ASR Configuration (for Speech Input)
LLMVoX uses Whisper for converting speech to text:
# Use a larger Whisper model for better transcription
python streaming_server.py --chat_type voice --llm_checkpoint "meta-llama/Llama-3.1-8B-Instruct" --asr_model "medium" --asr_device "cuda:3"
# Use a smaller model for faster processing
python streaming_server.py --chat_type voice --llm_checkpoint "meta-llama/Llama-3.1-8B-Instruct" --asr_model "tiny" --asr_device "cuda:0"

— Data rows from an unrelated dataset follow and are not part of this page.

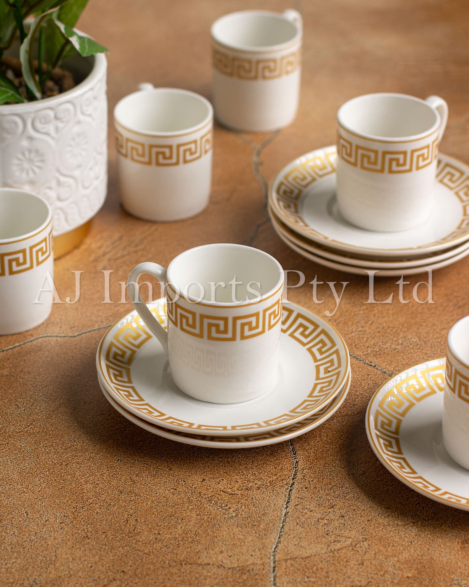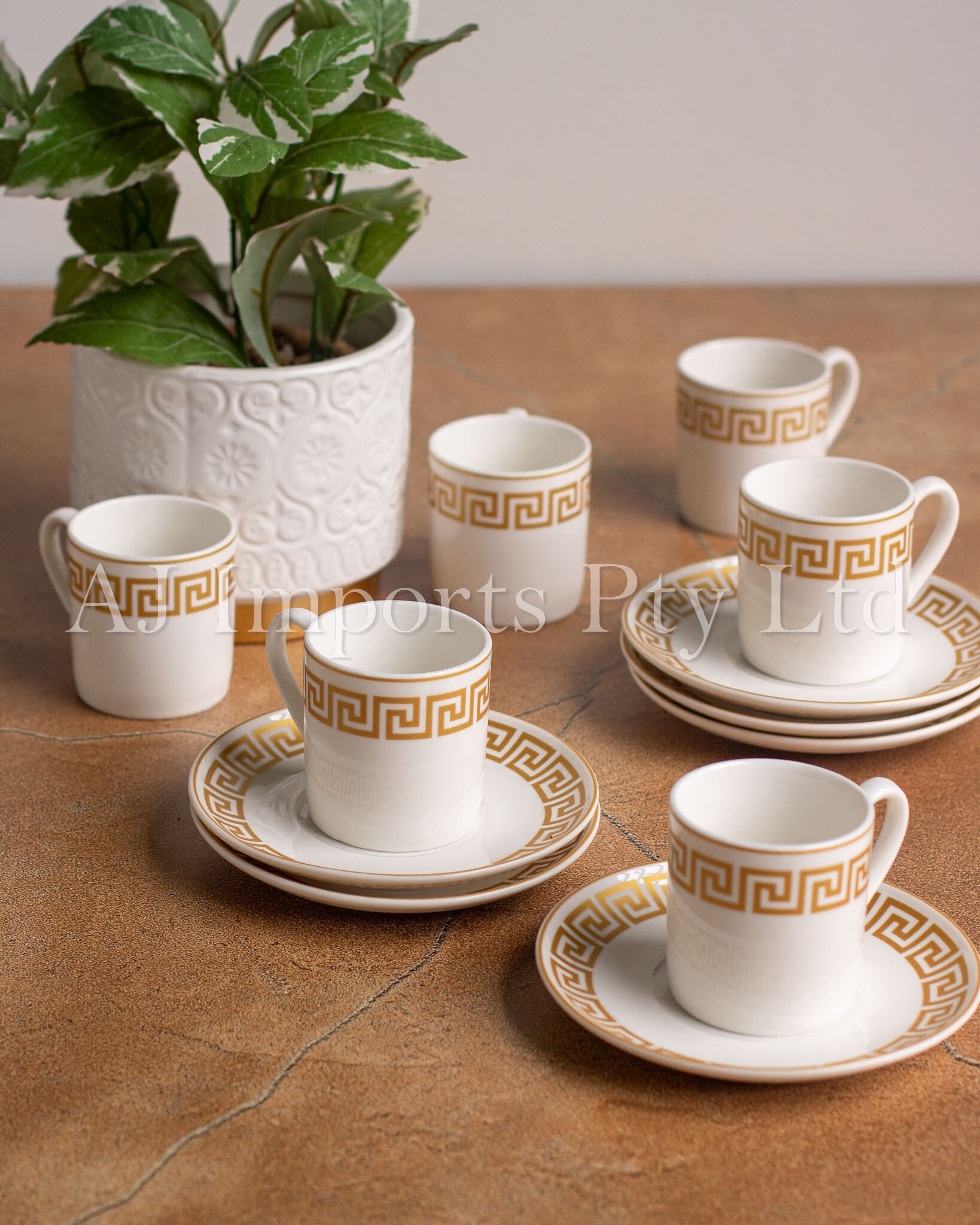 Bring home the charm of classical Greek elegance with the Olympia Gold Espresso Set. Featuring a stunning gold Greek key pattern around the rim, this luxurious set is the perfect combination of timeless design and everyday functionality. Whether you’re serving guests or enjoying a quiet coffee moment, these cups and saucers deliver beauty and sophistication with every sip.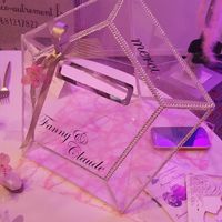 Hello les filles. Nous avons enfin trouvé notre urne pour le grand jour. Elle est en forme de diamant et elle sera bien sûr personnalisée avec nos prénoms et aux couleurs du mariage donc un ruban rose...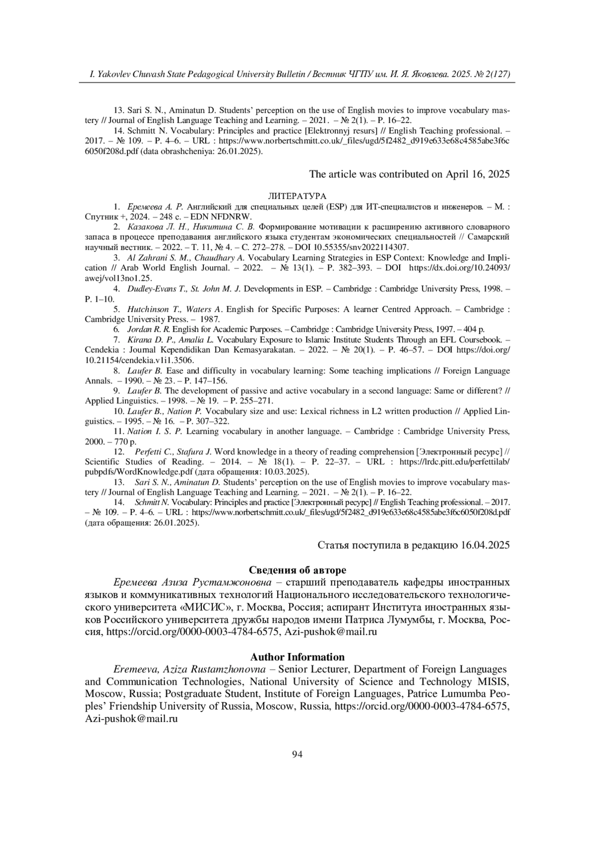 2. Kazakova L. N., Nikitina S. V. Formirovanie motivacii k rasshireniyu aktivnogo slovarnogo zapasa v processe prepodavaniya anglijskogo yazyka studentam ekonomicheskih special’nostej // Samarskij nauchnyj vestnik. - 2022. - T. 11, № 4. - C. 272-278. DOI: 10.55355/snv2022114307 EDN: LURZUE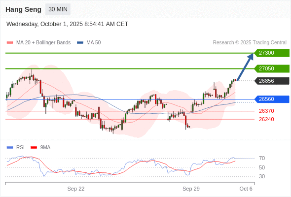 在 26560 之上,看涨,目标价位为 27050 ,然后为 27300 。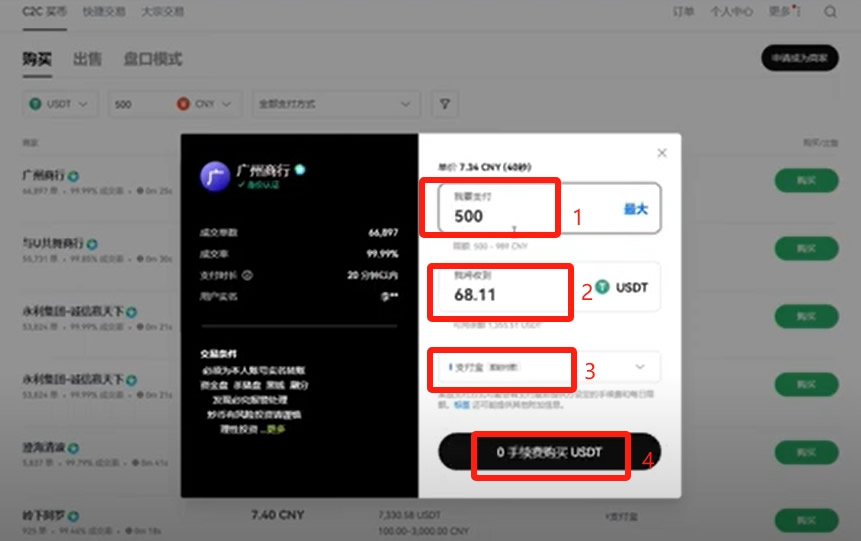 以C2C为例,选择您要购买的币种(如USDT)、金额和支付方式,在卖家列表中选择一个信誉好、成交率高的卖家,点击“购买USDT”,按照提示完成付款并在平台上点击“已付款”。等待卖家放币即可。
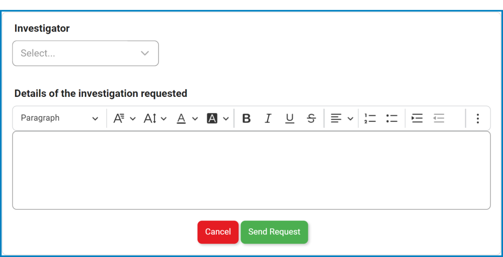 - Send Request: A button for sending the investigation request to the assigned investigator.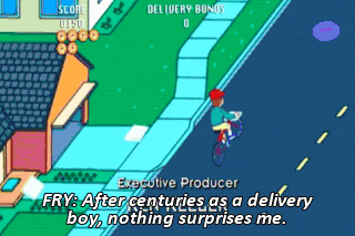FRY: After centuries as a delivery boy, nothing surprises me. You stink, loser. LEELA: Hey, Fry! Pizza going out! Come on! All right. I'll take the Red Rocket.

System Prompt Customization
Control the LLM's response style:
# For concise responses
python streaming_server.py --chat_type voice --llm_checkpoint "meta-llama/Llama-3.1-8B-Instruct" --system_prompt "You are a friendly voicebot that answers questions in a concise way and do not use abbreviation. Keep responses brief."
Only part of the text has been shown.